Ramping up to full nasal

Every day I for the last eight weeks I’ve focused on breathing only through my nose. Here are some quick conclusions:

  1. Nasal breathing reduces or completely eliminates fatigue at moderate to low efforts.
  2. Although nasal breathing gives way rather quickly to mouth breathing when the intensity increases, with practice you can delay the onset of mouth breathing. This seems to keep your legs fresher for longer.
  3. With practice, your diaphragm becomes very powerful at nasal breathing. In the beginning your breaths feel like thimblefuls, but after a while your diaphragm gets strong enough to really haul in the air.
  4. As you run out of nasal capacity, rather than switching to full mouth inhalation/exhalation, the next step is to inhale nasally but to mouth exhale. It seems like the longer you are at least partially nasal breathing, the easier it is on your legs and the longer it delays leg burn.
  5. As effort increases, it’s not important to inhale strongly, but it’s crucial to exhale sharply and deeply.

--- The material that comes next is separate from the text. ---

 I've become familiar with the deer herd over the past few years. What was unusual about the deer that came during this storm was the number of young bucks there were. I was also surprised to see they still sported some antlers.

The intake is autonomic and completely fills your lungs in almost exact proportion to the strength and depth of the exhalation.

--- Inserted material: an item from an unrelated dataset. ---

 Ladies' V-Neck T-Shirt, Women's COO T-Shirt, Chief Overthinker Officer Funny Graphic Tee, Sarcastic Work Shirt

  6. When you’re going balls out, rapid fire, powerful exhalations actually help your legs recover. Usually when you’re tired you focus on slowing your breathing to help your legs recover, but by increasing the intensity of your exhalations you’re cycling more air to your muscles and carrying off the crud. In other words, and somewhat paradoxically, by continuing deep and powerful exhalations as the pace slackens, your legs recover more quickly.
  7. You can’t hyperventilate when you’re going hard. The deeper and more sharply and more rapidly you exhale, the longer you can hang on before blowing, and the more quickly you can recover after you’ve popped.
  8. Even after you’ve switched to full-mouth inhalation and exhalation, once the effort backs off you should reverse the process so that you’re eventually fully nasal breathing until the effort picks back up.
  9. Everyone will notice your weird wheezy sounds and think you’re a dork, or more of a dork. A pace line of 20 nose breathers would likely get arrested for making indecent sounds in a public area.
  10. Those cool little nostril expander strips that Ullrich used to wear in the Tour are useless if you’re breathing through your mouth.
  11. The expander strips will come unstuck due to the oil in your skin and the sweat on your nose unless you use the Joe Yule Noseclamp Method: Daub your schnoz with menthol rubbing alcohol, then dry it with a Kleenex prior to sticking on the strip. Be prepared for it to rip most of the skin off your honker when you’re ready to peel it off, and be prepared for another stupid addition to your already stupid collection of stupid cycling tan lines.
  12. Once you’ve developed the ability to breathe nasally and to modulate it with mouth breathing as intensity increases, the addition of the nose strips will make you feel like you’ve had a turbocharger hooked up to your lungs. The amount of air you’ll pull in is amazing.
  13. The CVC or generic pharmacy brand of “breathe-right” strips is much cheaper than the actual “Breathe Right” brand.
  14. Double blind trials of nasal expander strips have concluded that they are worthless for improving performance, air intake capacity, or the ability to repeat more high intensity intervals. However, none of the studies measured whether or not the strips extended the amount of time that the test subjects could continue nasal breathing, thus slowing the march to lactate threshold.
  15. This is all anecdotal, and probably worthless. A general survey of “nasal breathing cycling” on Google reveals that nobody really knows what they’re talking about, unless you want to take your training advice from some Ayurvedic guru at an ashram in Marin County.

*Note: No Freds were offended or harmed in the creation and distribution of this post.